AIM OF THE TASK: Pictures left aside, return the lines below exactly, from the one with "增量攻击资金副图,分增量资金,主流资金,攻击资金,有波段操作线。" to the end, including both ends.

INPUT DATA:
↓

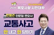 한국시사경제 전남취재본부 | 목포시는 오는 11월 11일 오후 2시 목포시민문화체육센터에서 한문철 변호사를 초청해 ‘교통사고 안 내고 안 당하기’를 주제로 특강을 연다. 이번 강연은 목포시와 국립목포대학교가 공동 운영하는 '목포사랑 시민대학' 강좌의 일환으로 마련됐다. JTBC ‘한블리(한문철의 블랙박스 리뷰)’로 잘 알려진 한문철 변호사는 교통사고 처리 분야의 대표적인 전문가로, 실제 사고 영상과 판례를 통해 법적 책임 비율, 사고 대처 요령 등 일상에서 도움이 되는 교통법률 정보를 알기 쉽게 전할 예정이다. '목포사랑 시민대학'은 ‘글로컬대학30’과 연계한 관‧학 협력 평생학습 사업으로, 목포시와 국립목포대학교가 함께 추진하고 있다. 상반기 1기 과정에서는 8개 강좌에 145명이 수료했으며, 현재 하반기 2기 과정에는 15개 강좌에 250여 명이 참여하고 있다. 시는 시민의 삶과 배움을 잇는 평생학습 플랫폼으로 발전시켜 나갈 계획이다. 시 관계자는 “이번 강연이 시민들의 교통안전 의식을 높이는 계기가 되길 바라며, 앞으로도 목포사랑 시민대학을 통해 보다 다양하고 유익한
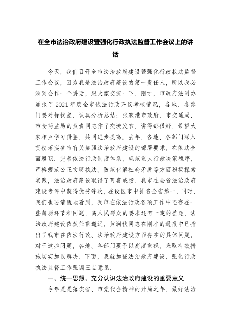 在法治政府建设暨强化行政执法监督工作会议上的讲话
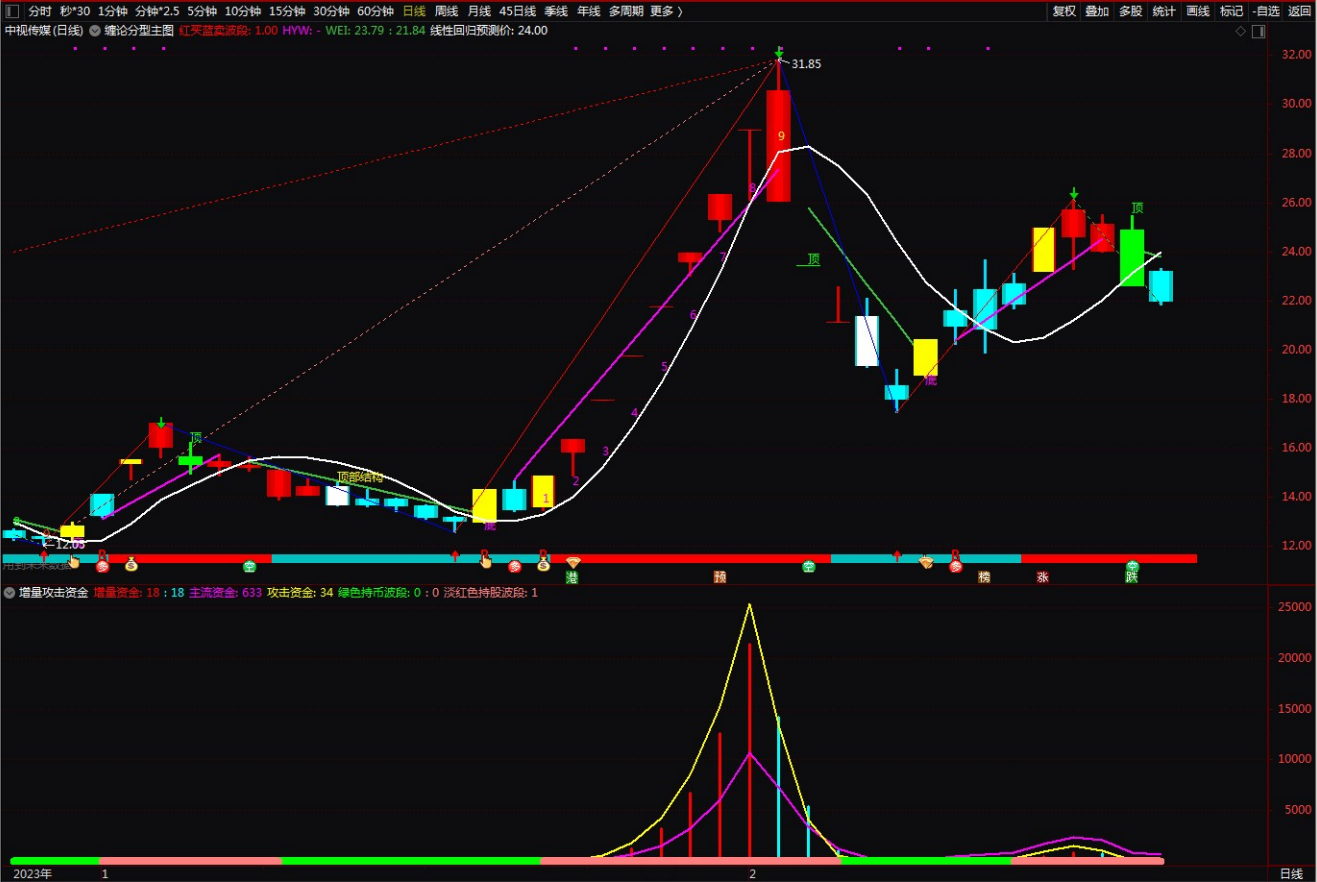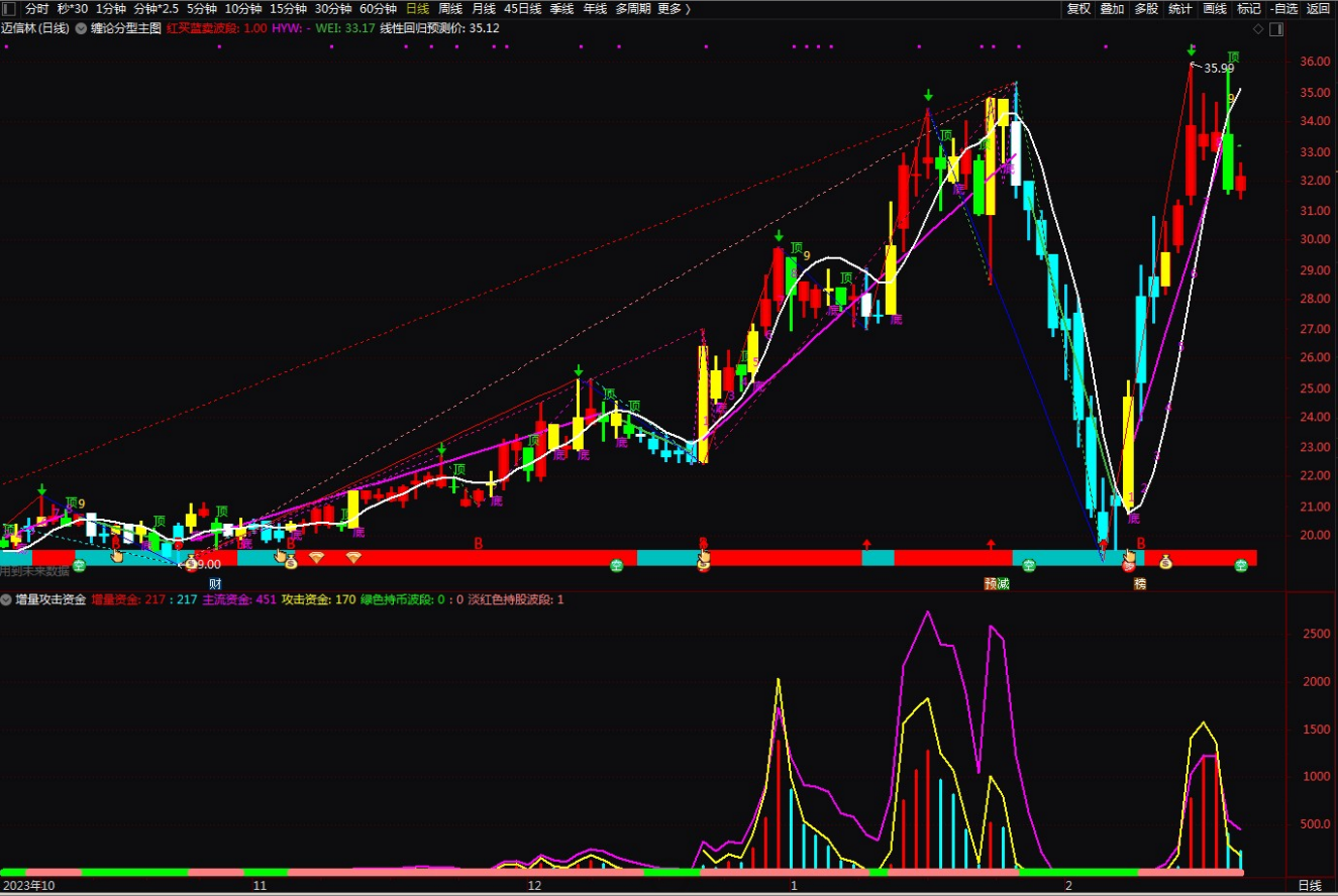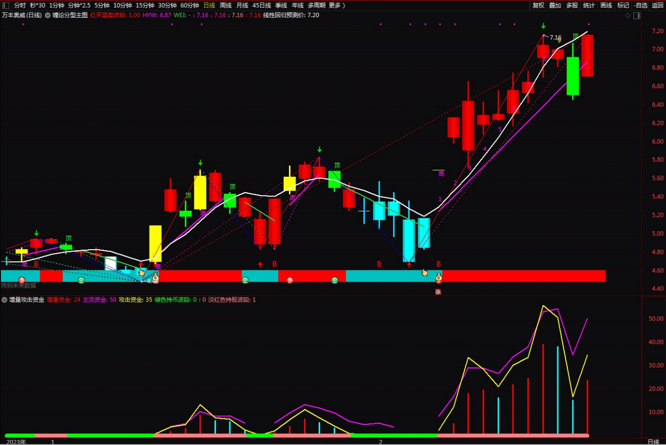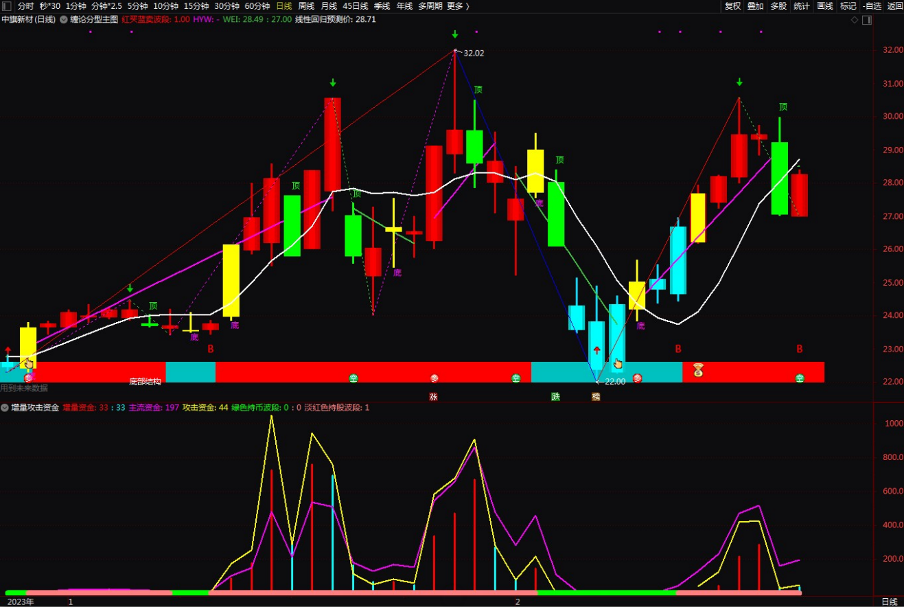 增量攻击资金副图,分增量资金,主流资金,攻击资金,有波段操作线。
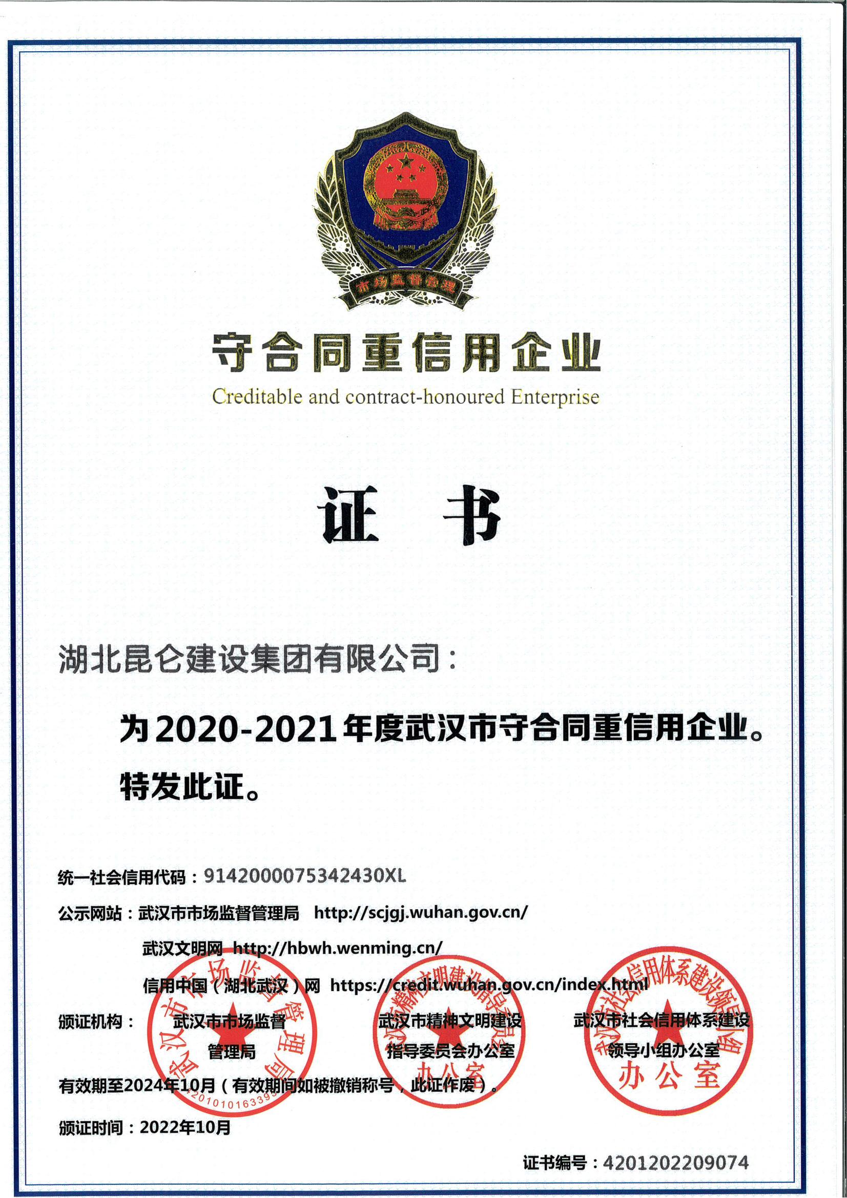 • 第十六屆2020-2021年度湖北省守合同重信用...

↑

WRITTEN SOLUTION:
 增量攻击资金副图,分增量资金,主流资金,攻击资金,有波段操作线。
 • 第十六屆2020-2021年度湖北省守合同重信用...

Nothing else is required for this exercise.